The Model Context Protocol (MCP), a standard that enables AI systems to connect and interact directly with software systems, has been widely adopted across AI tooling to provide access to systems that hold critical data and workflows.
This is especially important when developing with AI coding agents, since many critical development tools live outside the IDE. For example, feature flagging, experimentation, and analytics tools like Statsig shape how code reaches production, but without MCP, AI coding agents lack visibility into that context. As a result, teams are forced to either context-switch between tools like Statsig and the IDE, or risk AI agents writing code without access to guardrails such as feature flags or measurement through experimentation when they are needed.
This guide shows how to use Statsig’s MCP server to address that challenge in practice. It walks through setup, prompt examples, and best practices for integrating feature gates, experiments, and measurement directly into AI coding workflows.

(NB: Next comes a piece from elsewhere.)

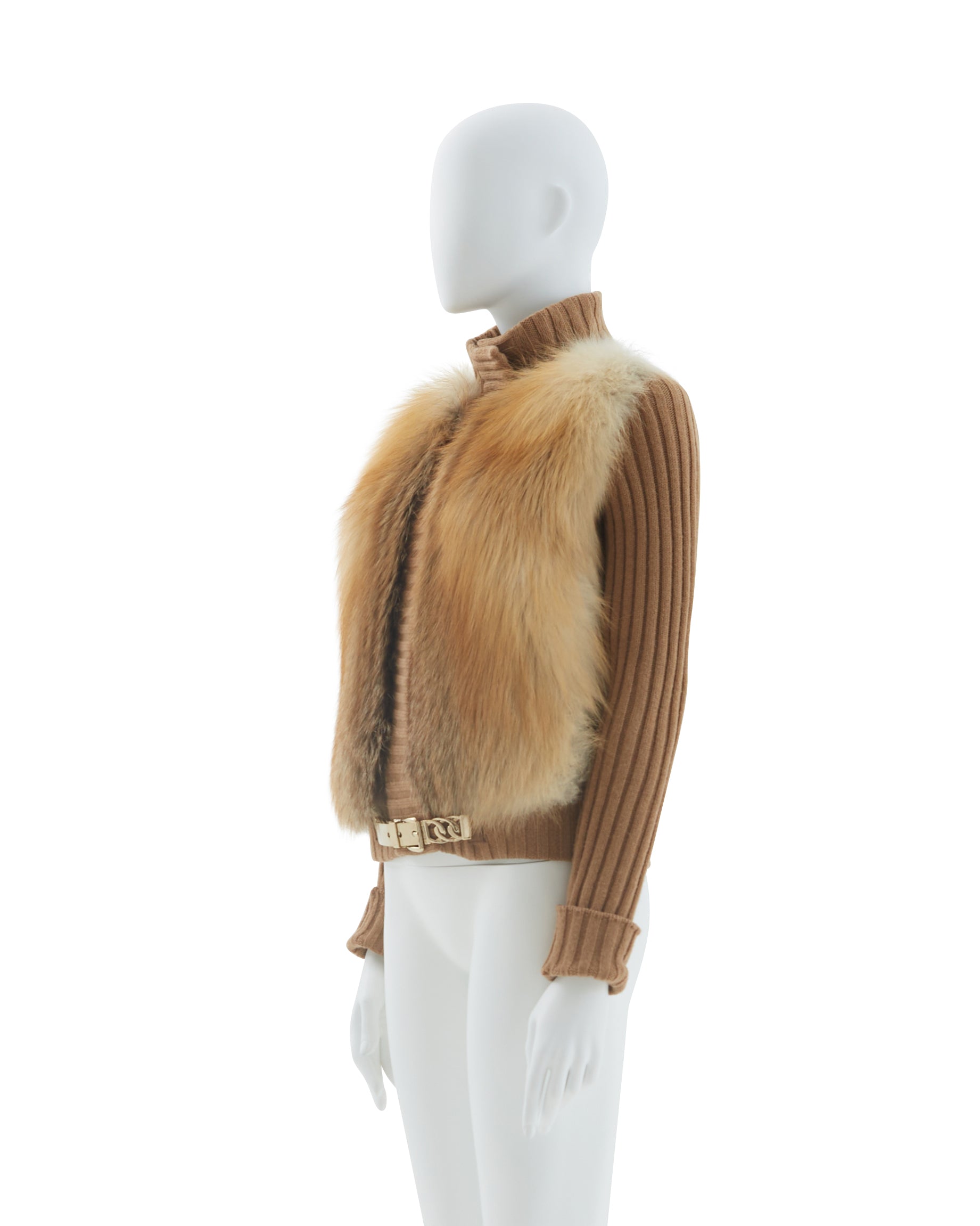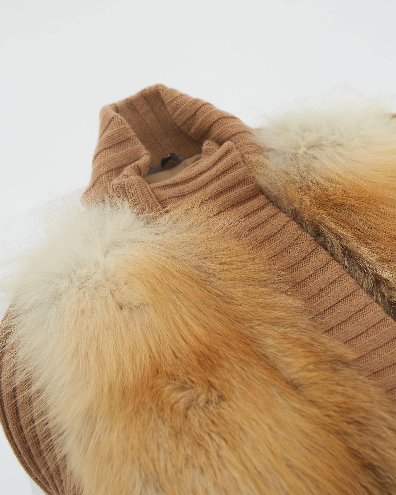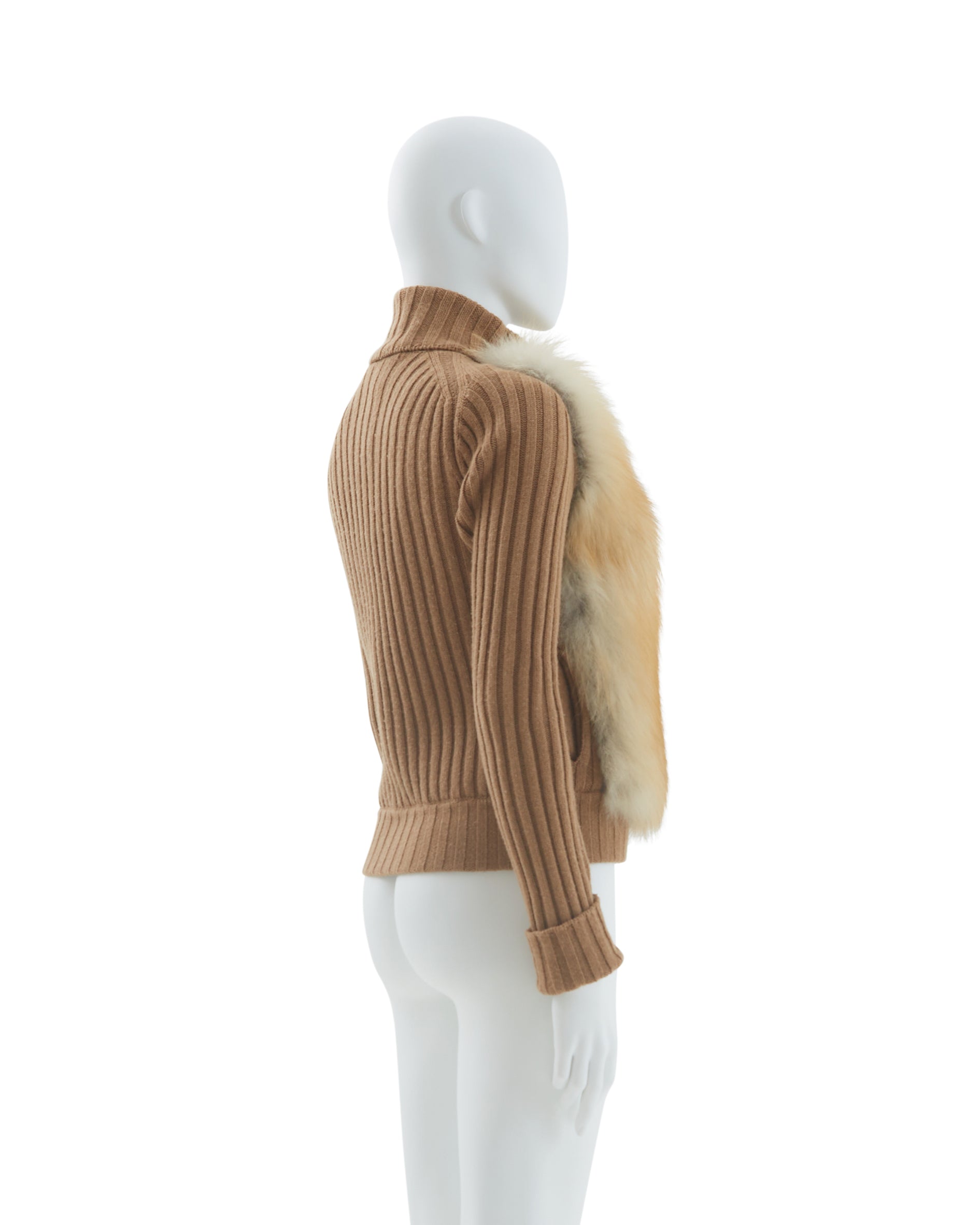 - Camel fox fur knitted cardigan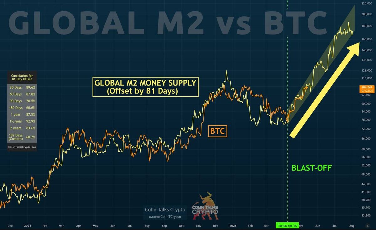 Синхронизация, которая работает? Пока часть рынка переживала затяжную коррекцию и гадала, «а не всё ли уже?», глобальная денежная масса (M2), сдвинутая на 81 день, спокойно указывала вверх. И угадайте, что случилось? Биткоин сделал ровно то, что рисовал M2: с $76k до $105k — аккуратно по траектории, без паники. И это не совпадение. Эта модель уже помогла избежать ошибки — не слить на страхе. Сейчас по модели у нас впереди участок “BLAST-OFF” — и если она продолжит работать, то $120,000+ уже к концу мая более чем реально. А дальше начинается самый сочный отрезок: FOMO, пробой исторического максимума, запрыгивания в последний вагон, говорящие головы на TikTok и CNBC. Всё по сценарию. Но запомните важное: Модель — это не гарантия. Это карта вероятностей. И эта карта уже один раз сыграла. Главное — не выбрасывать компас в момент временного расхождения. Что дальше? Хочу сделать ещё один разбор на эту тему: — почему глобальная ликвидность вообще влияет на BTC — почему корреляция мо

The Statsig MCP server exposes Statsig’s Console and API functionality as a structured set of tools that AI clients can call directly. Feature flags, experiments, rollouts, metrics, and guardrails already sit at the center of how teams ship safely with confidence. Statsig’s MCP makes this system of record native to the AI development workflow and directly accessible to AI agents.
How it works (conceptually):
A developer uses an MCP-capable client: such as an AI coding agent like Codex or Cursor
The MCP-capable client connects to the Statsig MCP Server using OAuth: to establish a secure connection
The MCP server exposes a set of Statsig tools: such as creating a gate, creating an experiment, or fetching current configurations and results
The MCP client calls Statsig tools in response to developer commands: When a developer enters a command that involves Statsig (for example, “set up a gate”), the AI tool can:
perform actions in Statsig, such as creating or updating configuration (e.g., "Create a new gate that only shows this feature to the internal employees user segment")
retrieve information like status, results, or metrics for the developer to review (e.g., "What is the status of the last 10 experiments created")
Connecting the Statsig MCP server to AI coding agents evolves Statsig from a tool developers use after shipping into infrastructure that AI reasons with before, during, and after changes are made. The result is a development loop where AI helps teams move faster and stay in flow, without compromising control or visibility.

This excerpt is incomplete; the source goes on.